対話型グラフには解析オブジェクトのグラフタブからアクセスできます。このタブはJAPEG画像を表示すると共に、PDFや対話型グラフアプリケーションへリンクしています.
Interactiveをクリックするとアプリケーションが開始されます.

グラフには4つの項目があります:

  • アクション選択ボタン
  • メイン画像
  • ナビゲーション画像
  • 選択ポイントのリスト

アクション選択

ポイントを選択、ポイントの選択解除、全てのポイントの選択解除、ズームイン、ズームアウト、の操作ができます。これらの選択はメイン画面のアクション選択から実行できます。

選択ではそれぞれのポイント上でマウスをクリックして各々のプローブを選択します。また、クリック・ドラッグで範囲を指定し、複数のポイントを選択することもできます。画面上の選択がハイライトされている間はポイントの選択を続けることができます。

選択解除も選択時と同じように行います。ここではすでに選択してあるポイントからの削除を行います。

全ての選択を解除は全てのポイントの選択を解除します。

ズームは範囲を指定し、その選択範囲内を拡大して見ることが出来ます。メイン画面がズームモードである場合、右上のナビゲーション画像の操作で、メイン画面の範囲を変更することができます。ズームモードであれば、この選択範囲内で選択あるいは選択解除の操作をすることができます。

ズームアウトではメイン画面が最初の状態に戻ります.

選択したポイント

この画面も対話型グリッドと同様の形式です。Simbiot内と外部データベース、両方の詳細なアノテーション情報のリンクが貼られています.
Gene setあるいはSNP setを保存するには名前とコメントを入力し、保存をクリックして、選択したポイントで指定された遺伝子を含む新規のgene setを作成します.

アルゴリズム

データの抽出と前処理機能

Simbiotはデータの処理・解析にpeer-reviewedアルゴリズムを使用しています。エクスポート過程では下に示すBioconductor (Gentleman, Carey et al. 2004)ツールを利用しています:

  1. Affymetrix cDNA chips:           Bioconductor affy (Gautier, Cope et al. 2004)
  2. Affymetrix SNP chips: Bioconductor crlmm (Carvalho, Bengtsson et al. 2007)
  3. Illumina cDNA microarrays:     Bioconductor lumi (Du, Kibbe et al. 2008)
  4. Illumina SNP microarrays:        Bioconductor beadarraySNP (Oosting, Lips et al. 2007)

データ解析

データ解析では、peer-reviewedと標準の解析がデータ・独立形式が統合されています:

  • クラスタリング: Cluster 3.0 (de Hoon, Imoto et al. 2004)、 Rを基本としたクラスタリング機能
  • 標準統計:Rを基本としたクラスタリング機能
  • 発現解析: samr (Tusher, Tibshirani et al. 2001)、Bioconductor limma (Smyth 2004)とLPE (Jain, Thatte et al. 2003)パッケージ
  • タイムコース解析: Bioconductor timecourse (Tai and Speed 2009)とmaSigPro (Conesa, Nueda et al. 2006)パッケージ
  • SNP Association study and linkage disequilibrium: Bioconductor snpMatrix (Clayton and Leung 2007)パッケージ
  • コピー数解析: Bioconductor snapCGH (Marioni, Thorne et al. 2006; Smith, Marioni et al. 2006)

リファレンス

Ashburner, M., C. A. Ball, et al. (2000). "Gene ontology: tool for the unification of biology. The Gene Ontology Consortium." Nat Genet 25(1): 25-9.

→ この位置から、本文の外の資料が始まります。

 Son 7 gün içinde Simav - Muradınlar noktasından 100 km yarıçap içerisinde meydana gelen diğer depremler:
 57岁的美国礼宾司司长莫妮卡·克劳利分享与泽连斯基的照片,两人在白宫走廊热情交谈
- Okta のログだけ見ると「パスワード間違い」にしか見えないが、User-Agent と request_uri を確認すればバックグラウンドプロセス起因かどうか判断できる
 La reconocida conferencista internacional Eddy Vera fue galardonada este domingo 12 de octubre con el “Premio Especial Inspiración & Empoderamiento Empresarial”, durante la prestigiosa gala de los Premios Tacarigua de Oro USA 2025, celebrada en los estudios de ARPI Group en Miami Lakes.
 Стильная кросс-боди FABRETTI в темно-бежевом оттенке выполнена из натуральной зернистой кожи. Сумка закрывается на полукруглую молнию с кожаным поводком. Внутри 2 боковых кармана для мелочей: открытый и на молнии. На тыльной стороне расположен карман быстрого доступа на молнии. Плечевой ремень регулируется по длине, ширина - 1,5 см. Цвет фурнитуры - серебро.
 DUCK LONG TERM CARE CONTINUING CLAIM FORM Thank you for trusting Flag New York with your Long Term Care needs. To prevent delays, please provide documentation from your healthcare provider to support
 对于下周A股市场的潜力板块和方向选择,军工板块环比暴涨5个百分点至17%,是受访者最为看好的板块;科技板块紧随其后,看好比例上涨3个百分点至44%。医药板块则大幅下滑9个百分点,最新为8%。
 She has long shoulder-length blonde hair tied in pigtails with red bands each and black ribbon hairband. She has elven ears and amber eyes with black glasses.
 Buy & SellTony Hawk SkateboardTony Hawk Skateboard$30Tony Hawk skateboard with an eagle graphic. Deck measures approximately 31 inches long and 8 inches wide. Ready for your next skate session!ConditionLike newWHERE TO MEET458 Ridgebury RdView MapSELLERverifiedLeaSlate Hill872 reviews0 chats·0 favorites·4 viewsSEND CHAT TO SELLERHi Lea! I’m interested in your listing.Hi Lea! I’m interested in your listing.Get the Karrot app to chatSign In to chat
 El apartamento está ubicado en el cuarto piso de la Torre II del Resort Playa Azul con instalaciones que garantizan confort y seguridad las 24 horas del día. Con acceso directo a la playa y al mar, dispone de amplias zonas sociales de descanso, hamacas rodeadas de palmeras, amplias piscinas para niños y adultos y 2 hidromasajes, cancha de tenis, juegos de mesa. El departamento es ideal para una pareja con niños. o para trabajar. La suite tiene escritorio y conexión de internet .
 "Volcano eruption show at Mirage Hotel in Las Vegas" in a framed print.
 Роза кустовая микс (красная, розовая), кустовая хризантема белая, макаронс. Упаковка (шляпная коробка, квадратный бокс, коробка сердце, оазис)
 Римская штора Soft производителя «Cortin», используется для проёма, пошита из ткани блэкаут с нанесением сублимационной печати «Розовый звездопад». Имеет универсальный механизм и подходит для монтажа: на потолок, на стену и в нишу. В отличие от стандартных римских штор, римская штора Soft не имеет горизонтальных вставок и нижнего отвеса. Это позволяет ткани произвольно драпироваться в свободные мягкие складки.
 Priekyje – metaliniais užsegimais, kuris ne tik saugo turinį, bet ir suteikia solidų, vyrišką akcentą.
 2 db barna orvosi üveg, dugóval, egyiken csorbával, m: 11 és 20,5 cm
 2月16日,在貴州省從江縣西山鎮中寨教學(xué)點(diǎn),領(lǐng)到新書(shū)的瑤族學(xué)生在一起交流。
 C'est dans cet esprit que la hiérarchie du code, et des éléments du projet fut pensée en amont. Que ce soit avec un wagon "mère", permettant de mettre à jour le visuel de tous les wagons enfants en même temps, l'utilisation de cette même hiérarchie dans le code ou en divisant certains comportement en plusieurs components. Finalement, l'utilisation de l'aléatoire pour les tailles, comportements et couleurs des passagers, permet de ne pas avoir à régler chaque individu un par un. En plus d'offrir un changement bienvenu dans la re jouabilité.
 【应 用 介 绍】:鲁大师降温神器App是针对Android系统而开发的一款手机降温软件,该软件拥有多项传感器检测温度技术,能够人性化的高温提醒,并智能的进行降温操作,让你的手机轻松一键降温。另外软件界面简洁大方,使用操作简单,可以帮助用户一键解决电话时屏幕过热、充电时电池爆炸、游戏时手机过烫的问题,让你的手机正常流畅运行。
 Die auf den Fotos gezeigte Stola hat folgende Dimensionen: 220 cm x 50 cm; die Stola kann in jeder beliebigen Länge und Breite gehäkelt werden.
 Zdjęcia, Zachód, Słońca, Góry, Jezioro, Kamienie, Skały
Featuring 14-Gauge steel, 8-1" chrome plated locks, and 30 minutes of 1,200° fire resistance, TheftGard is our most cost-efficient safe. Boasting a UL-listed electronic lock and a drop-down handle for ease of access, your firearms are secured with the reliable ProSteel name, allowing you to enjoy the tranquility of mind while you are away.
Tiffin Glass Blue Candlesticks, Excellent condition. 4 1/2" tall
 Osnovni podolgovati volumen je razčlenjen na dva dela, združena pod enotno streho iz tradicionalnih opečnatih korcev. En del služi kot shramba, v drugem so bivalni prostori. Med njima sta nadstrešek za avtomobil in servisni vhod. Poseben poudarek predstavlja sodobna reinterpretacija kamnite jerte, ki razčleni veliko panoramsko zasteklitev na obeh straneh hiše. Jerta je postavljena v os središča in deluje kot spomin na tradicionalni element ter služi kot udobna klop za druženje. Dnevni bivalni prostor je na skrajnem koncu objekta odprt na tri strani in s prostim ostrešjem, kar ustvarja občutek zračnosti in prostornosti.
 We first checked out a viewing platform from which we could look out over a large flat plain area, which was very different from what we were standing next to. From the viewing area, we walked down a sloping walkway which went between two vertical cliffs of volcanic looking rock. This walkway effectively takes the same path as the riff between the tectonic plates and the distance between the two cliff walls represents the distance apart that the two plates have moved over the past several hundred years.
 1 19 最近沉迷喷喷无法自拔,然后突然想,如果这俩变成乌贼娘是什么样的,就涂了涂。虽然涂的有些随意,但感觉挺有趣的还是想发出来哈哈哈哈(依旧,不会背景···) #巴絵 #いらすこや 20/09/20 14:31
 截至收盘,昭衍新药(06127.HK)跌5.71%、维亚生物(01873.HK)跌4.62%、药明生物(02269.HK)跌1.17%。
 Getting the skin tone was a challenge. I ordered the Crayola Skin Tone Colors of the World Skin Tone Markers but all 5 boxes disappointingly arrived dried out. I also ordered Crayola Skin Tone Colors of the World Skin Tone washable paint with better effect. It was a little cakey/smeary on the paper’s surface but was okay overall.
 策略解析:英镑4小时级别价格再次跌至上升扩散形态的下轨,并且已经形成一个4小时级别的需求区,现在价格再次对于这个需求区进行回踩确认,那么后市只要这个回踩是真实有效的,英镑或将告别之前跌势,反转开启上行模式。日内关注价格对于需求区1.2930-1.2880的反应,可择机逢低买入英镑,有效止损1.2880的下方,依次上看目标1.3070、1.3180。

Boeckmann, B., A. Bairoch, et al. (2003). "The SWISS-PROT protein knowledgebase and its supplement TrEMBL in 2003." Nucleic Acids Res 31(1): 365-70.

Carvalho, B., H. Bengtsson, et al. (2007). "Exploration, normalization, and genotype calls of high-density oligonucleotide SNP array data." Biostatistics 8(2): 485-99.

Clayton, D. and H. T. Leung (2007). "An R package for analysis of whole-genome association studies." Hum Hered 64(1): 45-51.

Conesa, A., M. J. Nueda, et al. (2006). "maSigPro: a method to identify significantly differential expression profiles in time-course microarray experiments." Bioinformatics 22(9): 1096-102.

Consortium, U. "The Universal Protein Resource (UniProt) in 2010." Nucleic Acids Res 38(Database issue): D142-8.

de Hoon, M. J., S. Imoto, et al. (2004). "Open source clustering software." Bioinformatics 20(9): 1453-4.

Du, P., W. A. Kibbe, et al. (2008). "lumi: a pipeline for processing Illumina microarray." Bioinformatics 24(13): 1547-8.

Gautier, L., L. Cope, et al. (2004). "affy--analysis of Affymetrix GeneChip data at the probe level." Bioinformatics 20(3): 307-15.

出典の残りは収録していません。